Strategic Conflict
- Publishers: Schubel & Son
- Years active: 1983 to unknown
- Genres: play-by-mail
- Languages: English
- Systems: computer moderated
- Players: 10
- Playing time: Months
- Materials required: Instructions, order sheets, turn results, paper, pencil
- Media type: Play-by-mail

= Strategic Conflict =

Play-by-mail wargame

Strategic Conflict is a play-by-mail game by Schubel & Son begun in 1983.

==Gameplay==
Strategic Conflict was a computer-moderated play-by-mail game set in modern times, involving nations fighting each other for supremacy in their region of the world. It had ten players and a world with twenty regions. Players could choose from up to eight types of combat units. Players owned and built units worth points, with no more than 250 points in each region.
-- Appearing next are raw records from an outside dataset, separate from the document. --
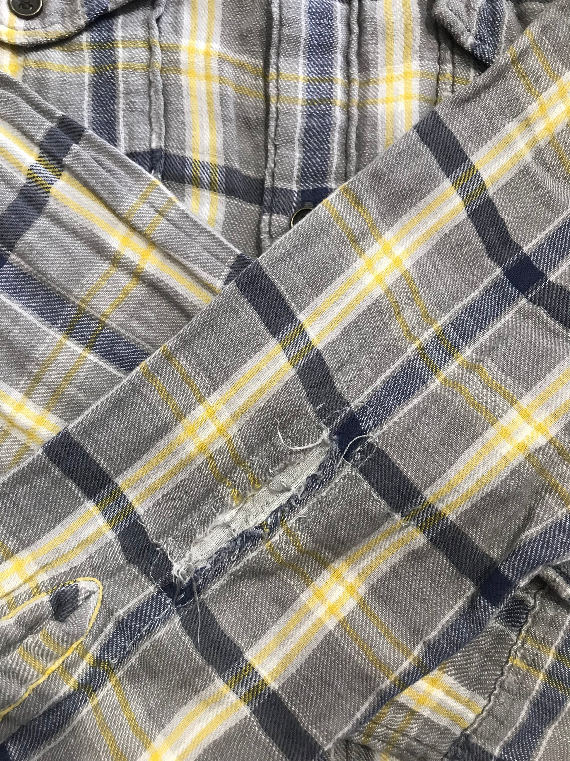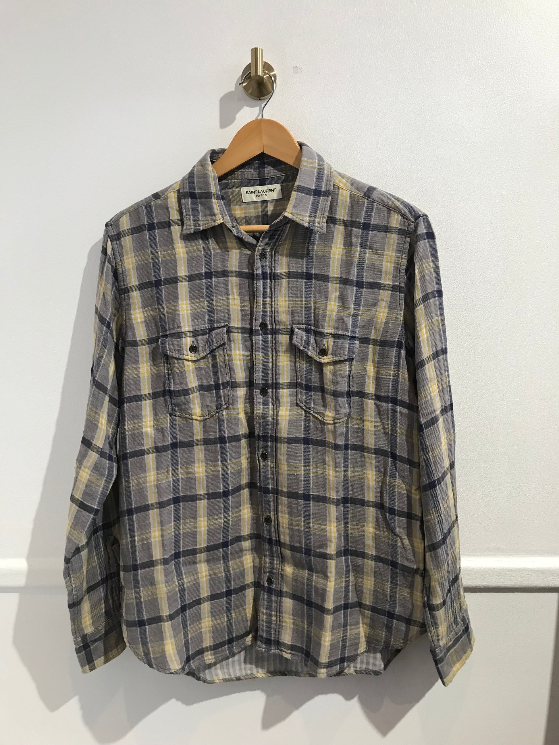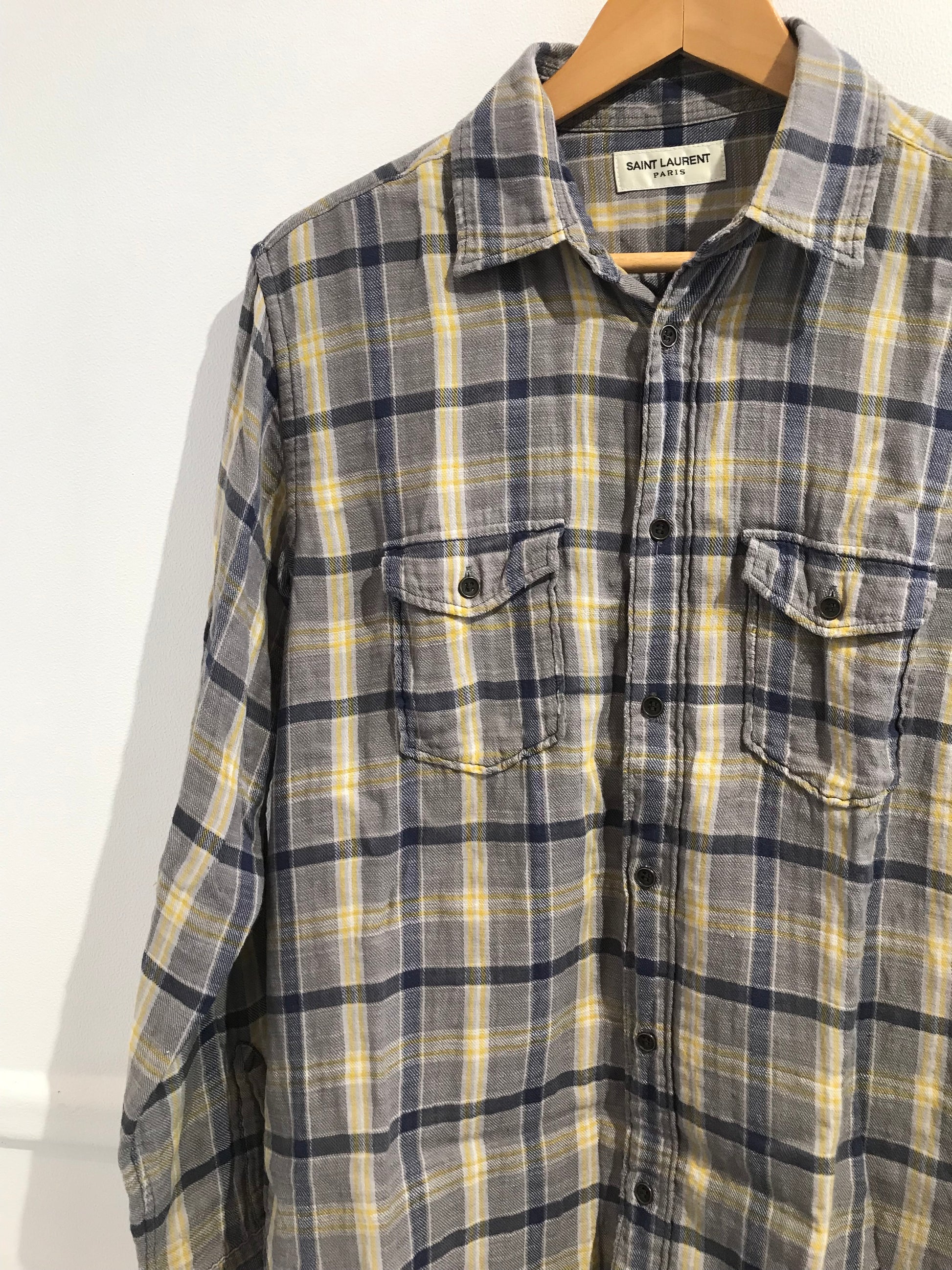 Chemise en coton imprimé carreaux gris, bleu et jaune. Fermeture boutonnée. Effet usé sur la chemise (voir photos)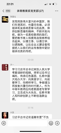 体育教育系党支部学习习近平总书记 在中国人民大学考察时的重要讲话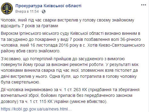 "Мужчина, который во время ссоры выстрелил в голову своему знакомому, отсидит 7 лет за решеткой. Приговором Ирпенского городского суда Киевской области признан виновным в и осужден к наказанию в виде 7 лет лишения свободы 36-летнего мужчину, который 16 ноября 2016 года в с. Хотел Киево-Святошинского района убил своего знакомого", - говорится в сообщении.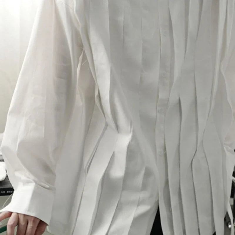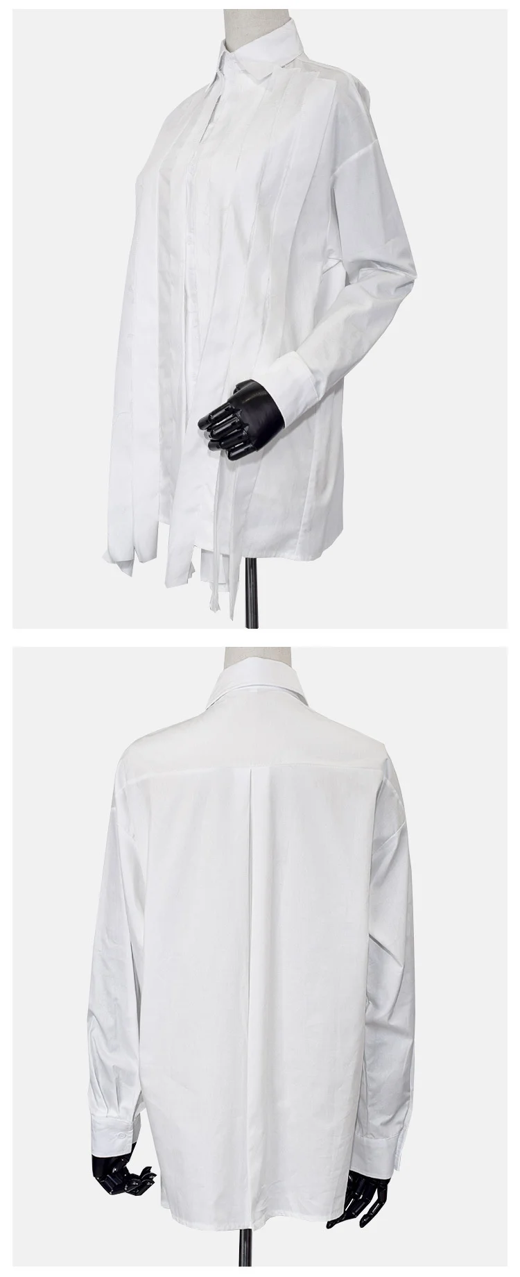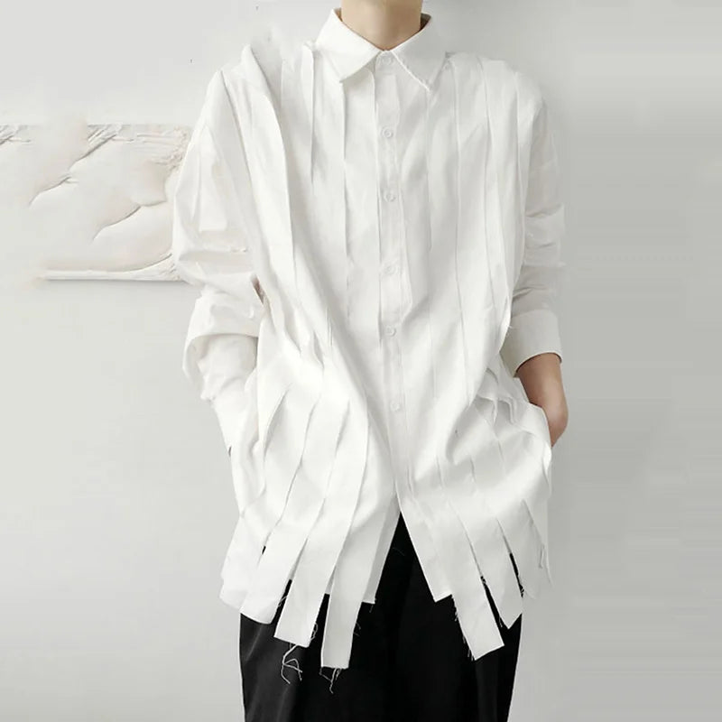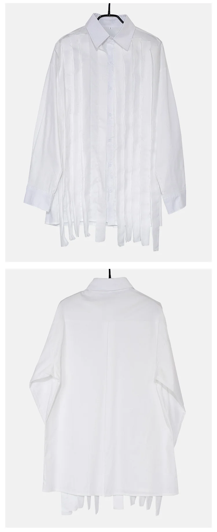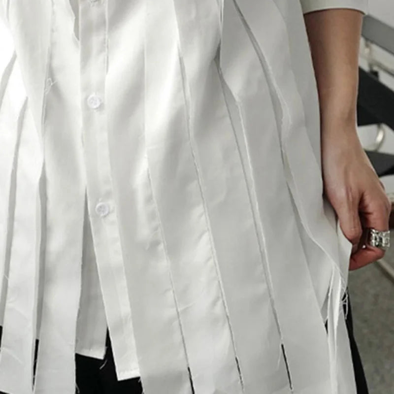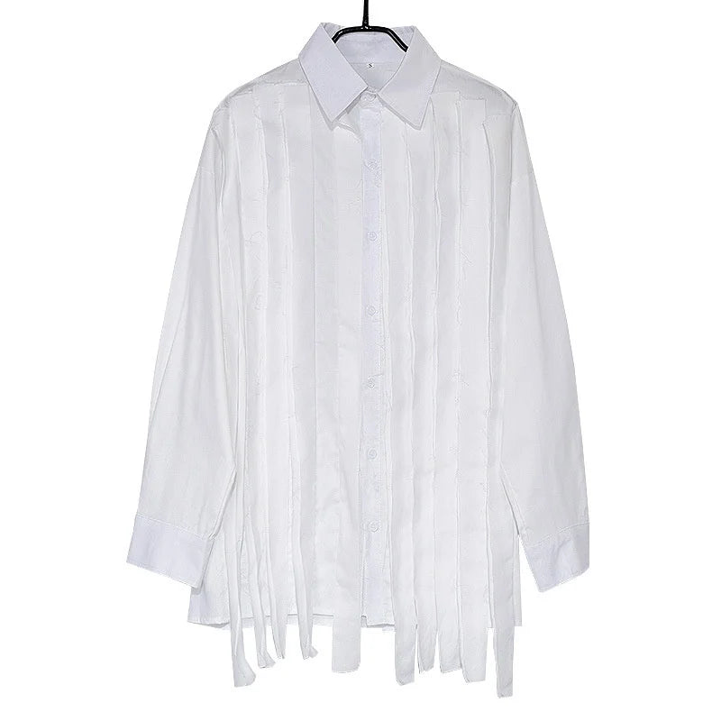 Aidase New Large Loose Patchwork Fringed Ribbon Long Sleeve Irregular Shirt Single Breasted Simple Temperament
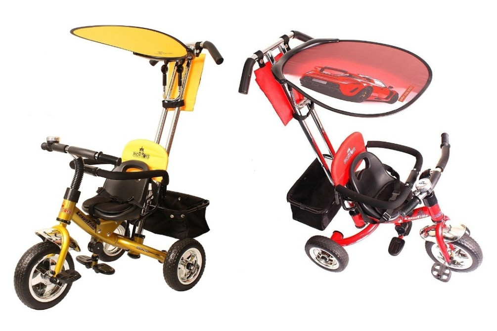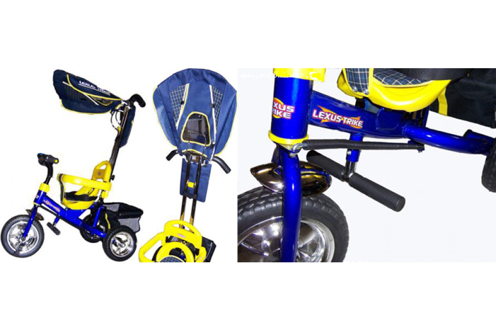 3-x колесный велосипед Lexus Trike оборудован бампером безопасности для маленьких детей, съемными подножками, звонком на руле и складным, солнцезащитным козырьком. Велосипед приспособлен к преодолению бордюров. Когда ребенок подрастет, можно снять родительскую ручку управления, багажную корзину, козырек, и таким образом Lexus Trike превратится в классический 3-х колесный велосипед. Диаметр переднего колеса 25 см, а задних — 22 см. Размеры: 86 х 50 х 112 см. Вес велосипеда 9 кг.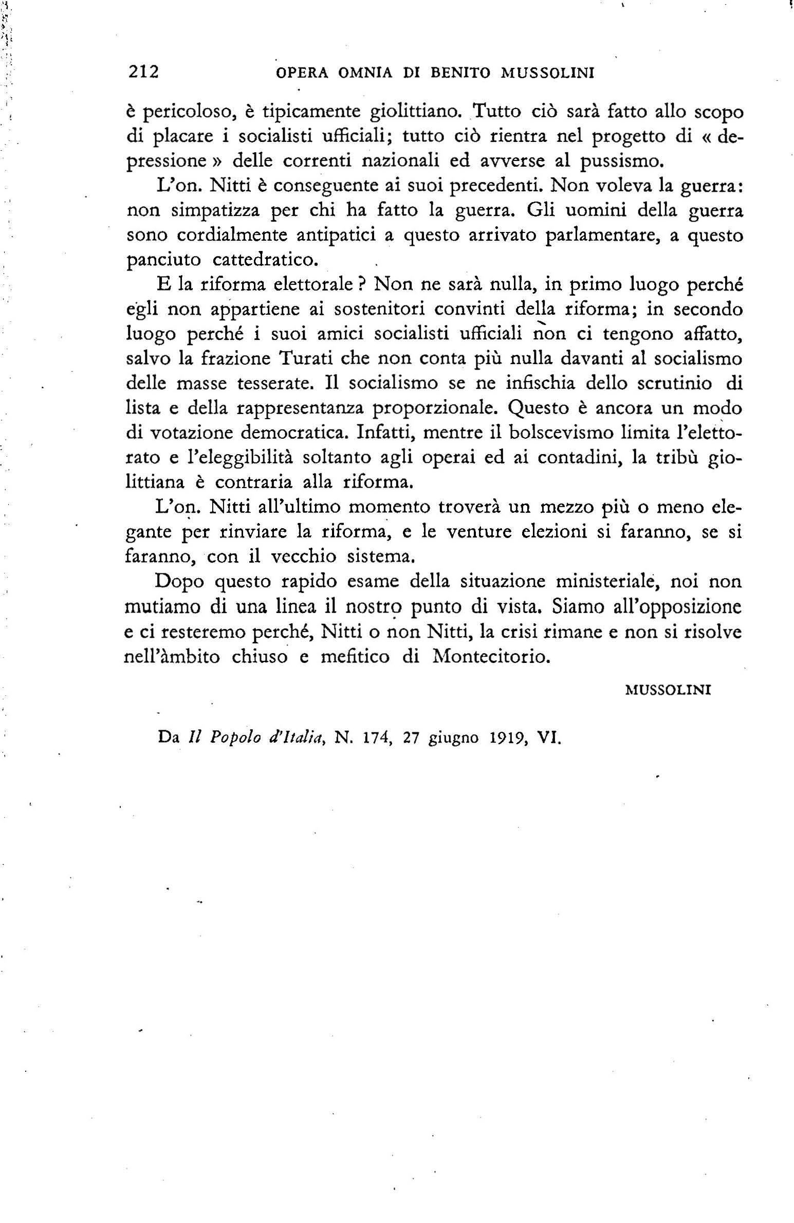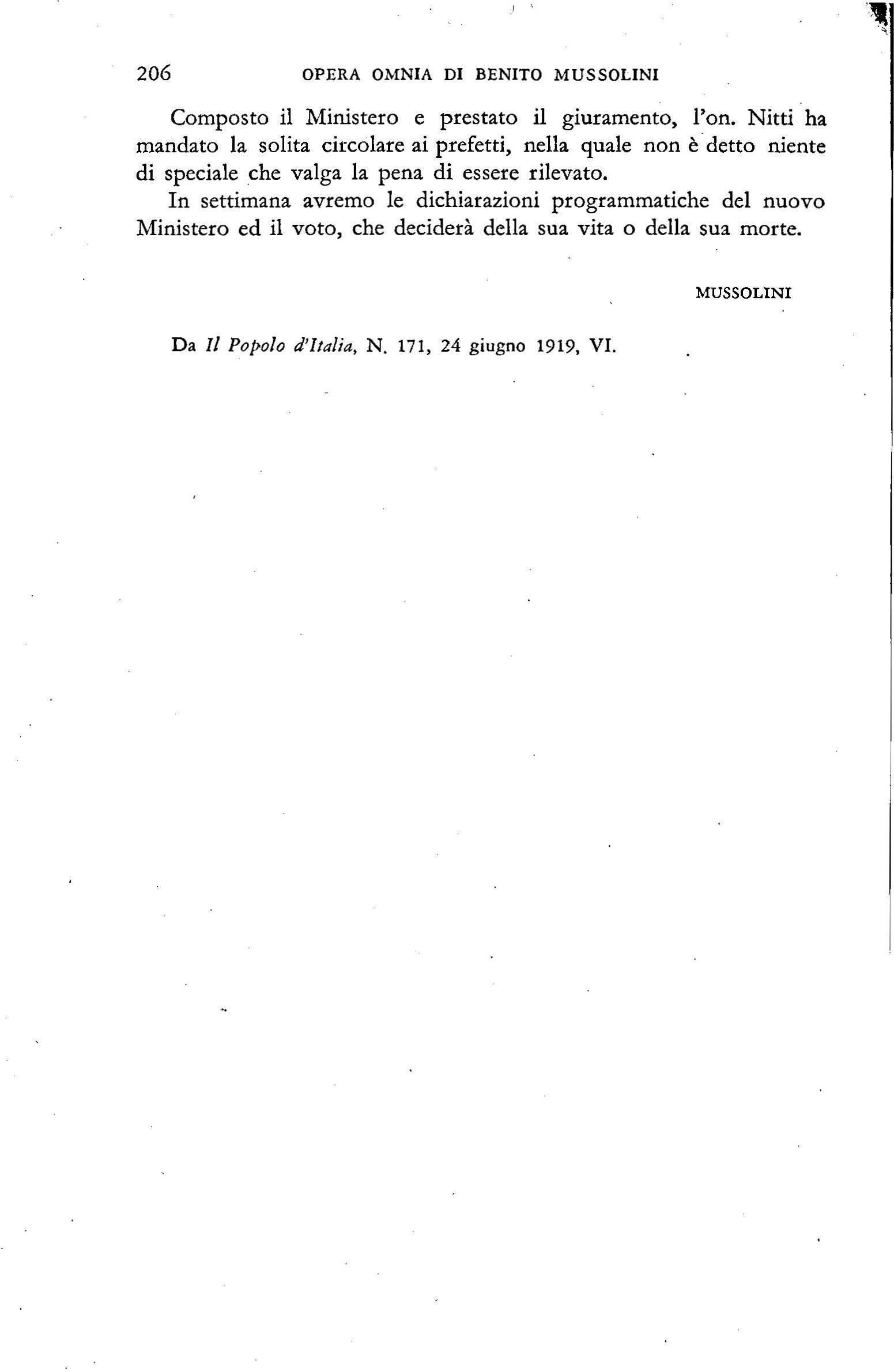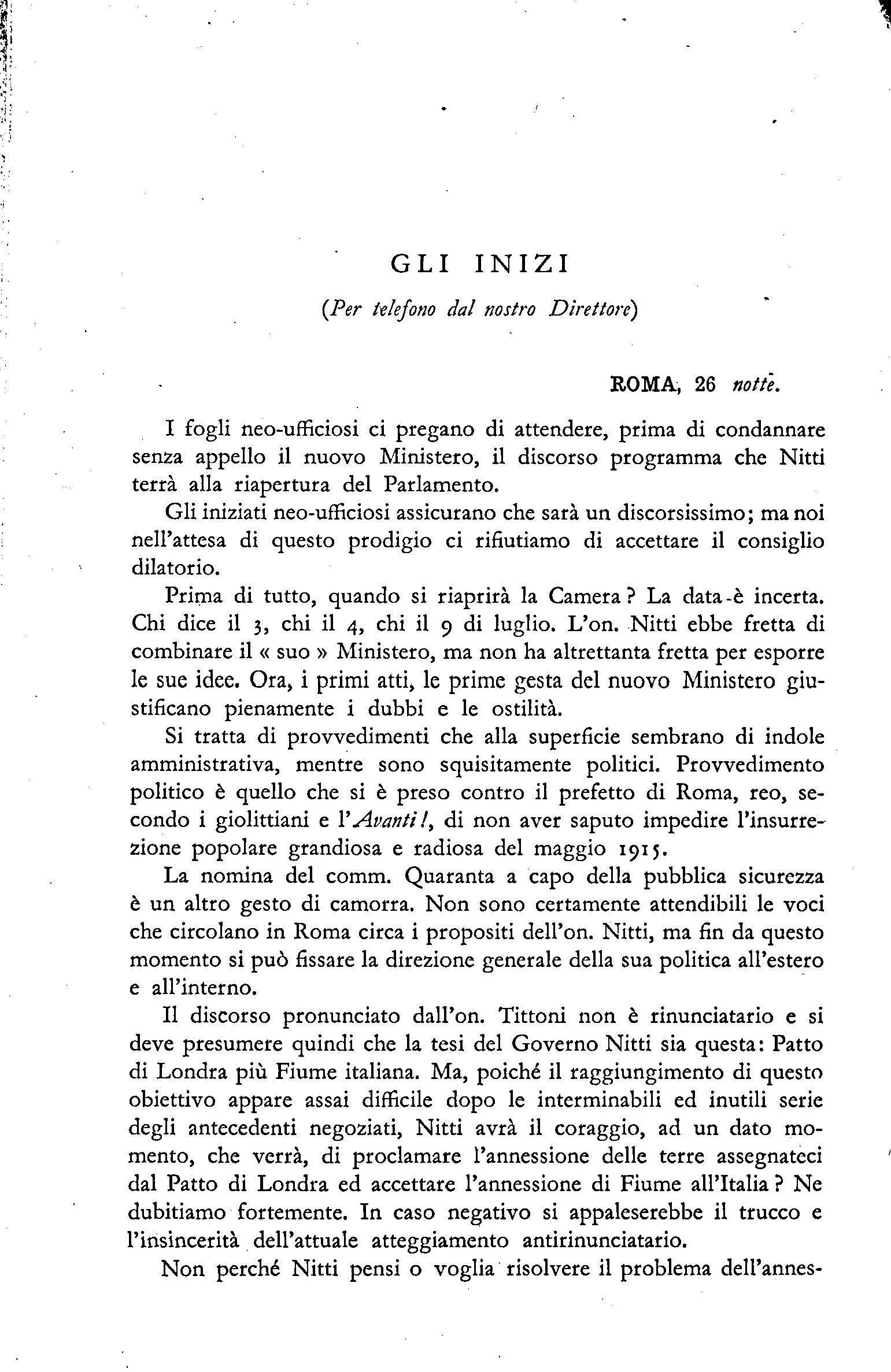 Il 19 g iugno si riapre la Cameri· d ei deputati, che, udite le comunicazioni de[l'on. O rla ndo, respinge la sua proposta di riunirsi in comitato segreto. 11 ministero dichiara di dimettersi e la Camera respinge la p ropos ta dell'on. Turati di continua re i lavori per discutere il p rogetto d i riforma de lla legge elettorale anche nelle vacanze del ministero, mentre approva la sospensiva con voti 299 contro 8 1. Il 2 1 giugn o la Camera s i aggiorna per essere r iconvocata a domicilio, dop<l ave r votato l'ese rcizio provvisorio per un mese. La ser a dd 21 , Mus· solini, provenien te dalla Romagna, è a Roma, dove, dopo ave r partecipato ad un'assemblea del fascio romano di combattimento (369}, telefona al gi ornale un articolo, scritto in treno ( 387), sulla cris i ministeriale ( 198). Il 22 giugno è formato il n uo,•o ministero, che è presieduto dalron. Francesco Saverio Nitti (204).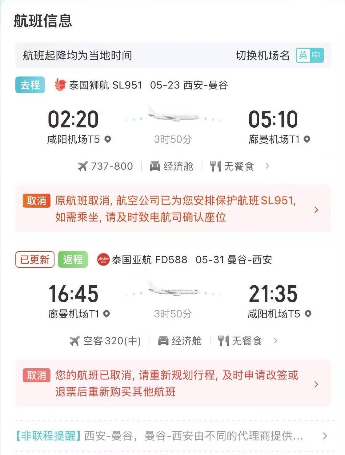 赵华瑞最开始还抱有航班能恢复的期待。他查询发现,去程航班取消,但回程航班仍在开放售票,因此一度怀疑是信息有误。直到4月3日,回程航班也被取消,他才彻底放弃等待。上周五,坏消息又来了——5月23日从西安飞曼谷的去程航班也被取消。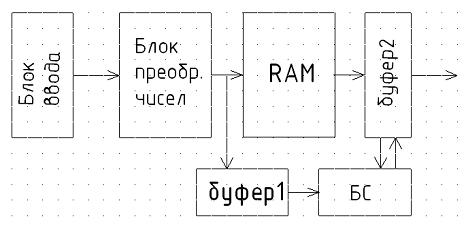 представляет собой 6 блоков: 1. Блок ввода чисел - здесь числа принимаются с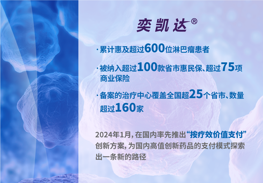 合营公司复鑫凯特在国内上市的第一款 CAR-T细胞治疗产品奕凯达(阿基仑赛注射液)于2023年6月于中国境内新增获批二线适应症,惠及更多一线免疫化疗无效或复发患者。截至报告期末,奕凯达已累计惠及超过600位淋巴瘤患者,被纳入超过100款省市惠民保和超过75项商业保险,备案的治疗中心覆盖全国超25个省市、数量超过160家。2024年1月,奕凯达在国内率先推出按疗效价值支付的创新方案,为国内高值创新药品的支付模式探索出一条新的路径。

A player reaching 2,000 points of units won the game.

==Reception==
W.G. Armintrout reviewed Strategic Conflict in Space Gamer No. 68. He stated that it "s the most intricate, subtle game yet produced by the play-by-mail industry. Armintrout further commented that "I have not been impressed like this in some time – Strategic Conflict is a play-by-mail game for players who want a real contest. I only hope there are enough of this type of player out there to keep the game going."

A reviewer in a 1983 issue of PBM Universal stated that "The game has no outstanding flaws, and is playable".